Two of the three instruments on LADEE take "in-situ" measurements, examining gas molecules and dust particles as LADEE flies through them, so these final passes offered unprecedented information about the moon's near-surface environment.

The calculated risk paid off huge science dividends, says Dr. Elphic. "We're seeing things we hadn't seen before, at the higher altitudes," he tells the Monitor. "Science will definitely, definitely benefit from this risky, low-altitude extended mission."

They couldn't have performed such risky maneuvers during their nominal, 100-day mission, but after they had accomplished all of NASA's goals, they were given a freer rein. "The team essentially took a vote and decided that what they wanted to do was get as close as they could to the moon," says Noble. "The operators were very concerned: 'You understand, if we do this, we might go in early,' " she remembers them saying. ("Go in" is NASA-speak for "Crash into the surface.")

The science team responded, " 'We understand. We don't care. We want this data!' And it totally was worth the risk. We have some fantastic data," she says.

At the tail end of the mission, LADEE was confronted with a total lunar eclipse, which drained its solar-powered batteries and heaters as the little craft, like the moon it orbited, passed through Earth's deep shadow for four long, cold hours. LADEE was not designed to survive so long without solar power, and in fact its launch window had been selected to make sure the mission was over before the eclipse – but the little orbiter that could had outlasted everyone's expectations.

"The engineers were fantastic," Noble told the Monitor. "They tell us, 'There's no way you can survive that eclipse. We're not designed to survive it, you're not going to survive the eclipse, don't even think about surviving the eclipse.' And then when we get there, they say, 'Well, when we said you couldn't survive, what we meant was, we can't 100 percent guarantee it.' "

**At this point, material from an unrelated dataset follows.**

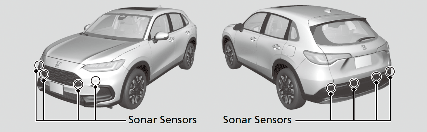 The sonar sensors are situated in the front and rear bumpers, and the front grille.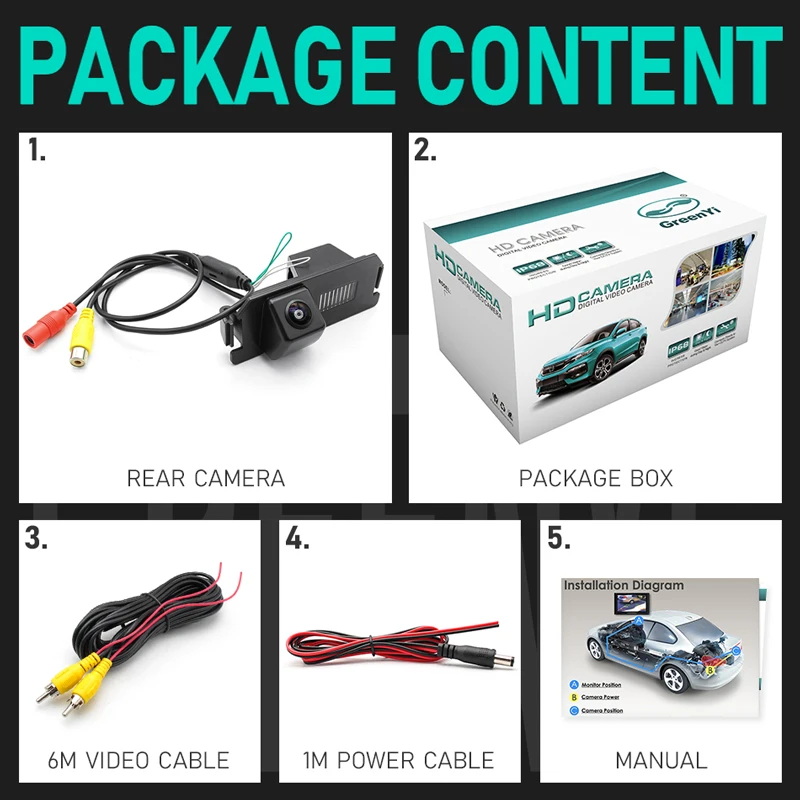 1. CVBS/AHD камера заднего вида2. Коробка для посылка3. Видео кабель 6 м4. Кабель питания5. Руководство пользователя

Once again, LADEE defied the odds. When it emerged from Earth's shadow, the heaters and batteries powered back up and kept LADEE going for a few more science-filled days before its final daring pass sealed its fate. 

During impact, engineers believe the small spacecraft broke apart, heating up several hundred degrees – or even vaporizing – at the surface. Any material that remained is likely buried in shallow craters. NASA mission controllers are still working to determine the exact time and location of LADEE's final impact. With luck, the Lunar Reconnaissance Orbiter will photograph the impact site. 

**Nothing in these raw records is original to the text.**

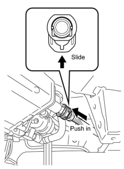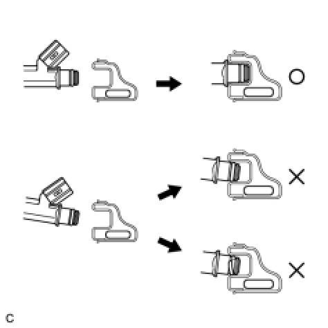 (2) Match the axis of the connector with the axis of the pipe, and push the pipe into the connector until the connector makes a "click" sound. If the pipe is difficult to push into the connector, apply a small amount of clean engine oil to the tip of the pipe.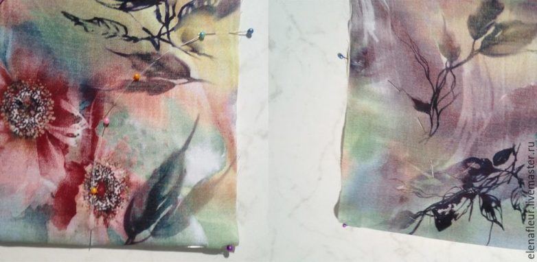 Рисуем горловину на ткани. Чтобы она была одинаковая с обеих сторон, перевожу линию на другую сторону с помощью булавок.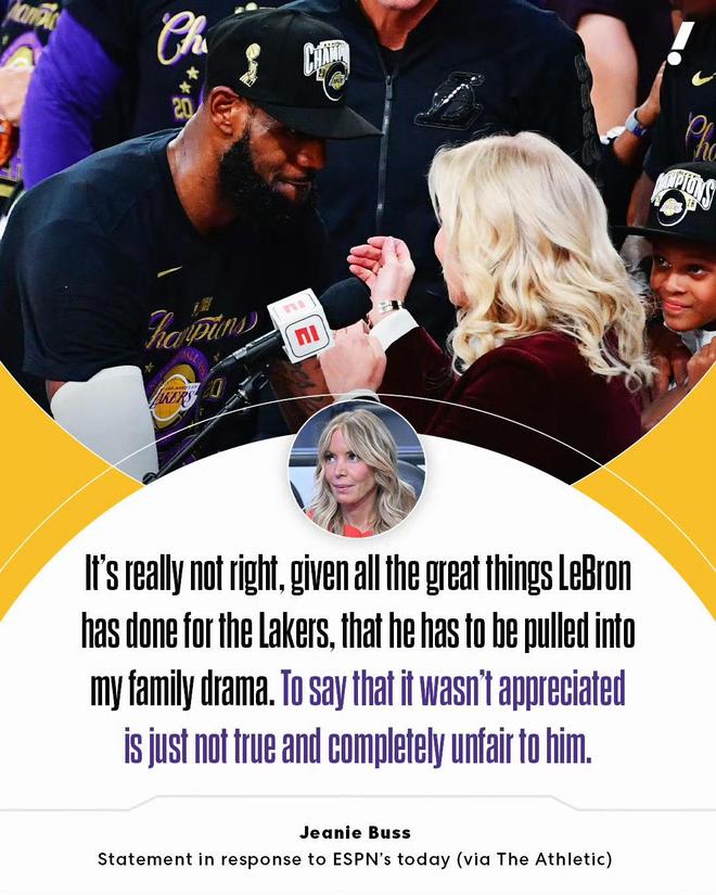 从这里其实也能看得出来,詹姆斯的影响力真的很大,以至于当这件事开始发酵之后,珍妮·巴斯都不得不站出来发布澄清声明,根据美国媒体clutchpoints的消息,珍妮·巴斯就ESPN的报道以及她与詹姆斯之间的现状发布了如下声明。珍妮·巴斯说道:“考虑到勒布朗为湖人做出的所有伟大贡献,把他牵扯进我的家庭纷争里,真的不应该。说我们没有感激他,这是完全不真实的,也对他非常不公平。”

"It's bittersweet, knowing we have received the final transmission from the LADEE spacecraft," says Dr. Hine of Ames. LADEE was built in-house at Ames, and its instruments "stayed in constant contact as it circled the moon for the last several months," he said. In addition to the lunar observations it sent scientists, LADEE communicated with the general public through tweets, like this one sent a few weeks ago:

LADEE's journey began on Sept. 6, when it launched (along with a photobombing frog) from the Wallops Flight Facility in Virginia. LADEE reached the moon Oct. 6 and began gathering science data on Nov. 10. It completed its primary mission on March 1, then began its serendipitous extended mission. If it had survived Thursday's kamikaze run, it would have completely run out of fuel and coasted to a crash-landing sometime Monday.

LADEE measured the moon's almost non-existent atmosphere – technically, the "surface boundary exosphere" – and looked for evidence of a lunar water cycle. In addition, scientists are analyzing LADEE's data in hopes of solving a long-standing mystery: What caused the pre-sunrise glow seen above the lunar horizon on several Apollo missions? LADEE also carried an experiment in two-way communication via laser, instead of the standard radio waves. The Lunar Laser Communication Demonstration successfully transmitted data over the 239,000 miles from the moon to the Earth at a record-breaking download rate of 622 megabits-per-second (Mbps) and from the Earth to the moon with an error-free data upload rate of 20 Mbps.

"LADEE was a mission of firsts, achieving yet another first by successfully flying more than 100 orbits at extremely low altitudes," said Joan Salute, a LADEE program executive. "Although a risky decision, we're already seeing evidence that the risk was worth taking.”